Der Berufungswerber hat in seinem Antrag auf Arbeitnehmerveranlagung für das Jahr 2000 wohl den Alleinverdienerabsetzbetrag beantragt, die Höhe der Einkünfte seiner Gattin in diesem Jahr aber nicht beziffert. Nach dem Einkommensteuerbescheid für das Kalenderjahr 2000 seiner Gattin vom 20. April 2001 betrug der Gesamtbetrag der Einkünfte S 43.143,--. Erst im Zuge der Bearbeitung der am 20.12.2002 beim Finanzamt eingereichten Erklärung zur Durchführung der Arbeitnehmerveranlagung 2001 erhielt das Finanzamt Kenntnis, dass die Gattin des Berufungswerbers im Kalenderjahr 2000 auch eine Abfertigung in Höhe von S 31.000,-- bezogen hat. Damit waren die Voraussetzungen für die Zuerkennung des Alleinverdienerabsetzbetrages im Kalenderjahr 2000 nicht gegeben, weil die Einkünfte somit den Grenzbetrag von S 60.000,-- überstiegen haben.

Bei dieser Sachlage waren die tatbestandsmäßigen Voraussetzungen für die gegenständliche Wiederaufnahme des Verfahrens hinsichtlich der Einkommensteuer für das Jahr 2000 erfüllt.

Die Verfügung der Wiederaufnahme liegt im Ermessen der Abgabenbehörde. Von zentraler Bedeutung für die Ermessensübung ist die Berücksichtigung der Ermessen einräumenden Norm. Zweck des § 303 BAO ist, eine neuerliche Bescheiderlassung dann zu ermöglichen, wenn Umstände gewichtiger Art hervorkommen. Ziel ist ein insgesamt rechtmäßiges Ergebnis. Daher ist bei der Ermessensübung grundsätzlich dem Prinzip der Rechtsrichtigkeit (der Gleichmäßigkeit der Besteuerung) der Vorrang vor jenem der Rechtsbeständigkeit (Rechtskraft) zu geben. Dies gilt unabhängig davon, ob sich die Wiederaufnahme letztlich zu Gunsten oder Ungunsten der Partei auswirkt. Im vorliegenden Fall wird vom Berufungswerber nicht bestritten, dass ihm für das Jahr 2000 der Alleinverdienerabsetzbetrag nicht zustand, der Erstbescheid vom 12. Juli 2001 daher insoweit rechtswidrig war.

Ein weiteres Ermessenskriterium ist das Ausmaß der steuerlichen Auswirkung der Wiederaufnahme des Verfahrens, da die Verfügung einer amtswegigen Wiederaufnahme in der Regel nicht zweckmäßig wäre, wenn die steuerlichen Auswirkungen (absolut bzw. relativ) bloß geringfügig sind.

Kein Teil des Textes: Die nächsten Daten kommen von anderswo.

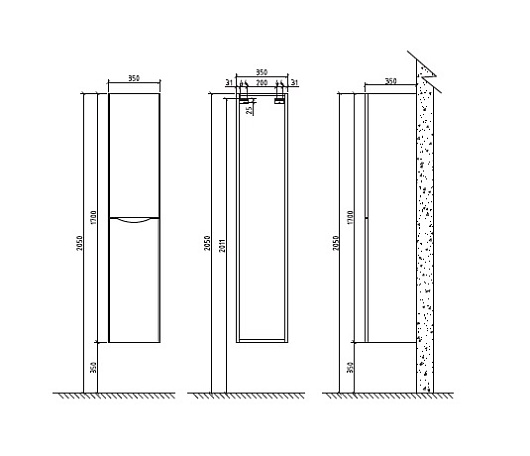 Описание: Шкаф подвесной, две распашные двери с доводчиками, две полки внутри, левостороннее открывание, 350x350x1700 мм.

Davon kann im gegenständlichen Fall aber angesichts der Höhe der Steuernachforderung von € 363,37 und der Gesamthöhe der Einkommensteuer nicht mehr ausgegangen werden. Laut Erstbescheid betrug die Einkommensteuer (vor Berücksichtigung der anrechenbaren Lohnsteuer) S 21.597,98, im neuen Einkommensteuerbescheid vom 8. Jänner 2003 beträgt diese nunmehr S 26.597,98.

Unter Berücksichtigung aller Umstände war daher die vom Finanzamt verfügte Wiederaufnahme des Verfahrens rechtmäßig und somit spruchgemäß zu entscheiden.